В 2011 году вышел документальный фильм венгерского режиссера Яноша Домокоша «Палимпсест», тоже построенный на разговорах с Мариной Шпет. Там собеседники не только подробно беседуют о незавершенном научном и образовательном проекте Шпета, но и отправляются (на троллейбусе) в один из корпусов нынешнего РГГУ, где когда-то располагался Московский городской народный университет им. Шанявского, в котором профессорствовал Шпет. По дороге Марина Густавовна рассказывает историю здания: с 1920 года в нем обосновался Коммунистический университет им. Свердлова, превратившийся впоследствии в Высшую партийную школу. Дочь Шпета ждет, что фамилия Шпет сработает в РГГУ как пропуск. Но напрасно: стоящий при входе сотрудник частного охранного предприятия фамилии такой не знает и дочь Шпета со съемочной группой не пускает. Они пытаются обратиться к студентам, но студенты, увы, тоже не в курсе.

Другими словами, в «Палимпсесте» делается попытка проследить интеллектуальную историю России на примере судьбы философского наследия Шпета. Режиссер-документалист старается ухватить реальность. В «Дочери философа Шпета», напротив, рассказывается о печальной судьбе чудака из обедневших польских шляхтичей в русских просторах, а камера никогда не выходит за пределы комнаты. Вывод из этого фильма следует сугубо частный: надо слушать, что расскажут тебе мудрые старушки, и всеми силами стараться не дичать, поддерживая столь же живой круг культурного общения, как у Шпетов, — следует дружить с нынешними Москвиными и Качаловыми и ездить с визитами к нынешним Балтрушайтисам (или кто там у нас теперь посол Литовской республики в Москве).

***

Трудно не заметить, что повествование во всех трех фильмах (в «Отделе» — в чуть меньшей степени) построено на рассказах женщин, сидящих у себя дома. О работе режиссеров, ученых и философов, то есть об устройстве творческой сферы и гуманитарного знания, нам рассказывают домохозяйки — с обязательными перечислениями друзей и родственных связей. У Бориса Грушина была очень красивая жена, блестящая Рената Гальцева ушла в конце концов от Бибихина, а внучка философа Шпета Елена Владимировна Вальтер вышла замуж за сына Бориса Пастернака Евгения — недаром обе семьи крепко дружили с Нейгаузами.

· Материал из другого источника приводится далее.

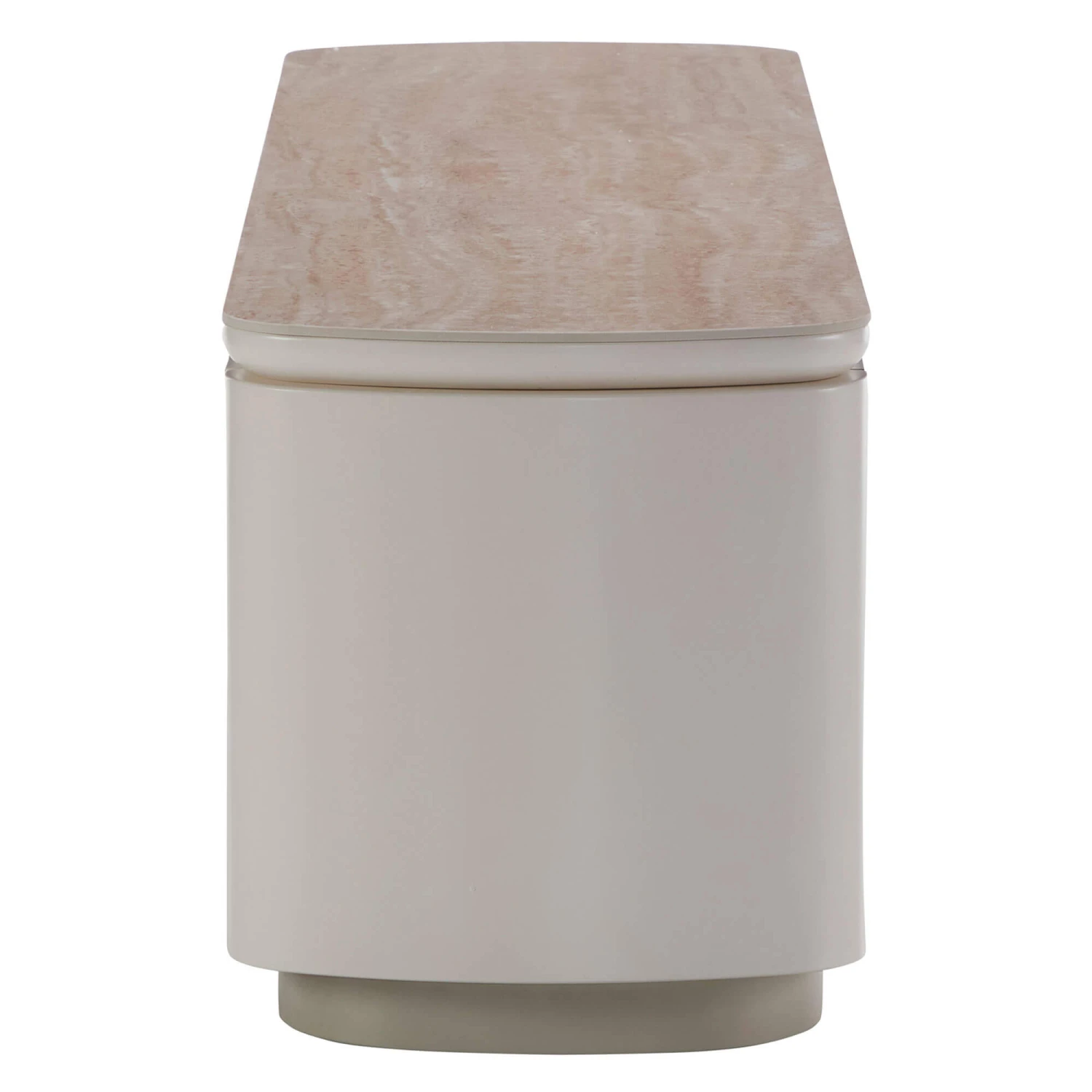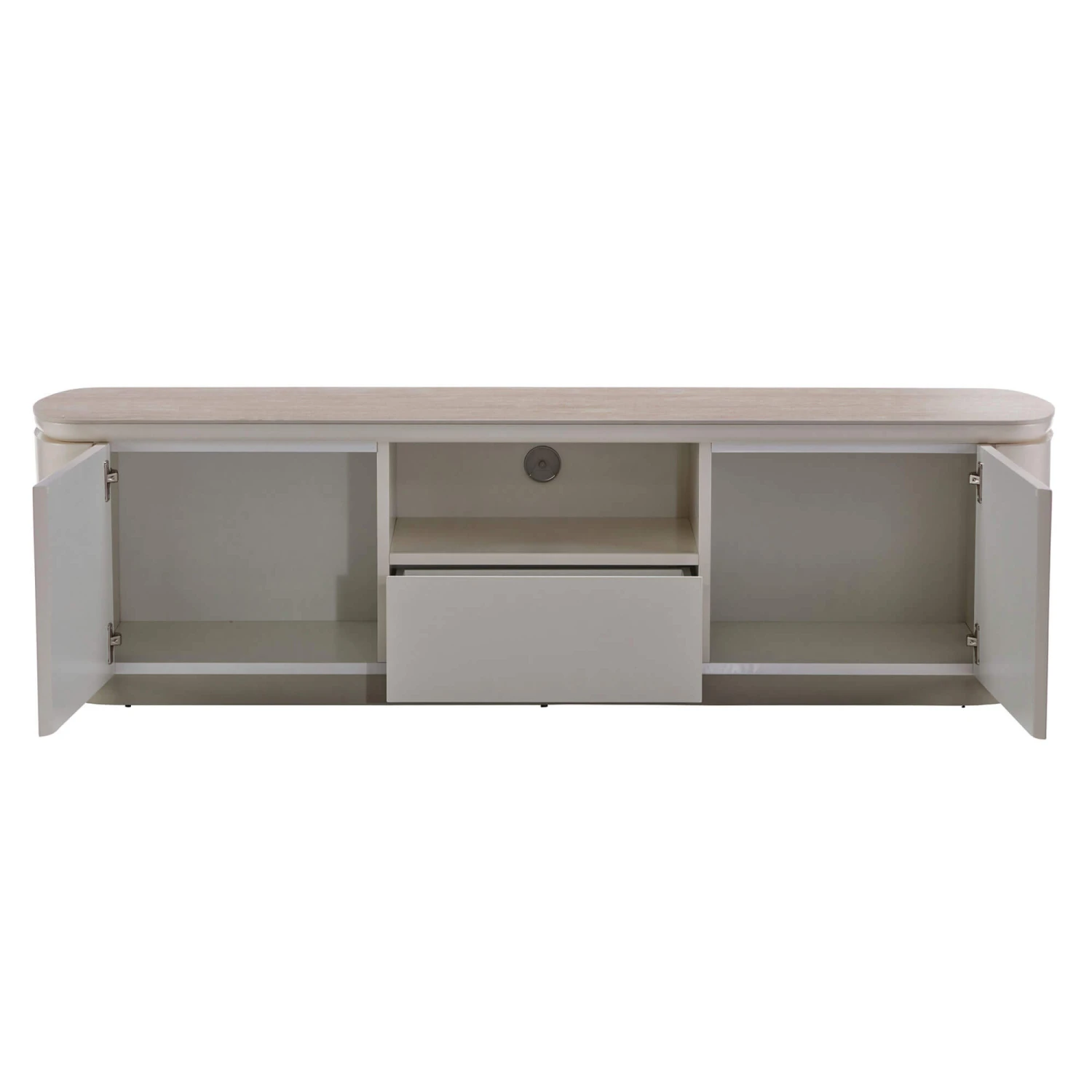 This Lorient 160cm TV Unit provides your living room with a classy, contemporary look. The top of the unit is made from a mix of MDF and travertine sintered stone to provide a very high quality and detailed finish. The body of the unit is made with MDF that is painted in a matte beige finish. This beautiful TV unit also contains two cabinets and one drawer so you can neatly store away items.

Сага о семьях и крепком дружеском круге полностью вытеснила содержательный разговор о деле, о творчестве и о научной работе. Через двадцать с небольшим лет после лотмановских «Бесед о русской культуре» телевизор под той же рубрикой выдает нам беседы о хороших московских домах. И это не результат идеологических происков нынешней власти и не симптом восстановления «Домостроя». Причина проста до неприличия: матриархи из хороших московских семей еще способны производить хоть какой-то связный дискурс, а документалисты — уже нет.